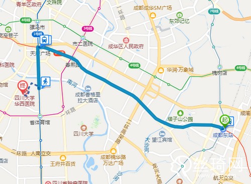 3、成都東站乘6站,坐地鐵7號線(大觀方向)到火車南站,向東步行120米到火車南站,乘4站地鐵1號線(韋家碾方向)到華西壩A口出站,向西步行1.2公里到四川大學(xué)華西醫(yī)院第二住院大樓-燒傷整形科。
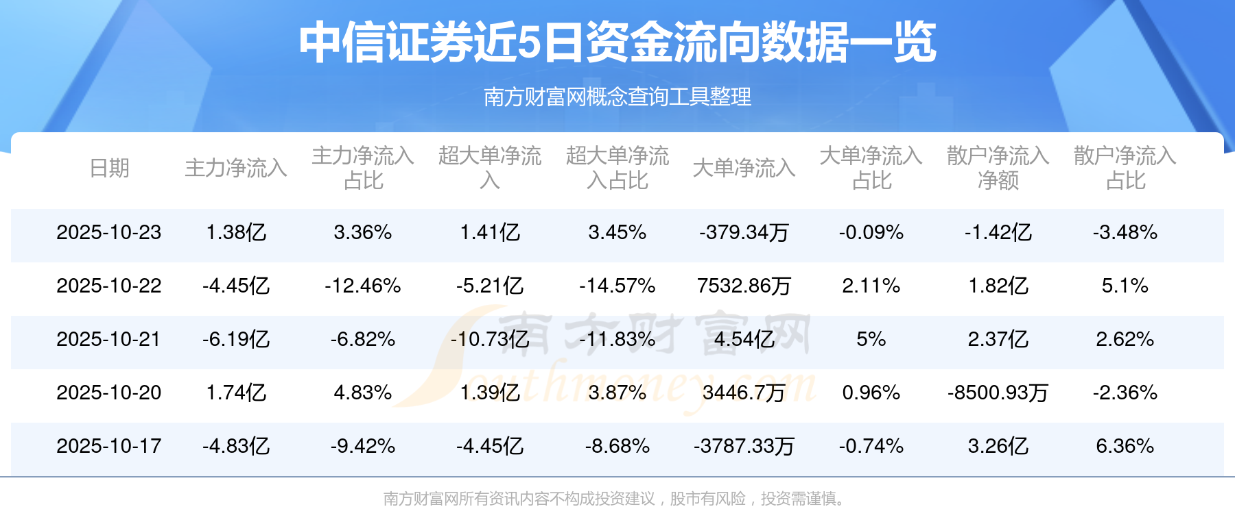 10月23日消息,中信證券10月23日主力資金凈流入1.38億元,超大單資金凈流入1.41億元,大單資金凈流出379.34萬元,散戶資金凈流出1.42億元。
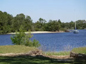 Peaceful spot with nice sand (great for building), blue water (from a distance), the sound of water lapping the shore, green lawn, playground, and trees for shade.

* * *

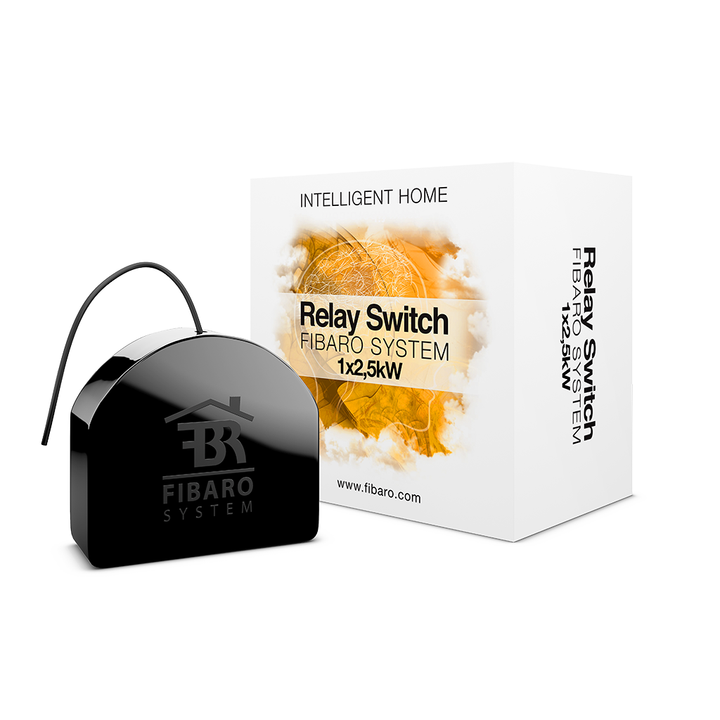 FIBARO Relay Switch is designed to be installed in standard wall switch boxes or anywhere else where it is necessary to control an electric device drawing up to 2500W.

==

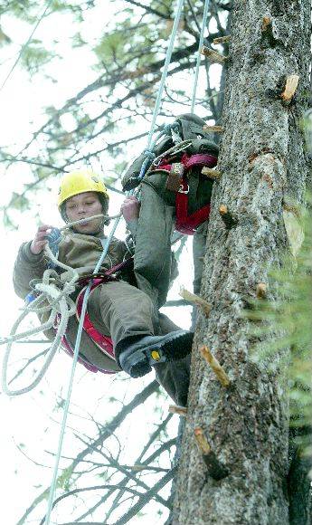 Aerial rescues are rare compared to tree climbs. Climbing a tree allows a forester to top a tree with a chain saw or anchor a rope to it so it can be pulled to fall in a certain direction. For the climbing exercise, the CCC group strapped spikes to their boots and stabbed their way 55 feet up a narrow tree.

» What is expected: Starting at the line above that contains "3、成都東站乘6站,坐地鐵7", transcribe every line exactly through the line that contains "Peaceful spot with", including that last one, and skip the pictures.

» Response to this exercise:
 3、成都東站乘6站,坐地鐵7號線(大觀方向)到火車南站,向東步行120米到火車南站,乘4站地鐵1號線(韋家碾方向)到華西壩A口出站,向西步行1.2公里到四川大學(xué)華西醫(yī)院第二住院大樓-燒傷整形科。
 10月23日消息,中信證券10月23日主力資金凈流入1.38億元,超大單資金凈流入1.41億元,大單資金凈流出379.34萬元,散戶資金凈流出1.42億元。
 Peaceful spot with nice sand (great for building), blue water (from a distance), the sound of water lapping the shore, green lawn, playground, and trees for shade.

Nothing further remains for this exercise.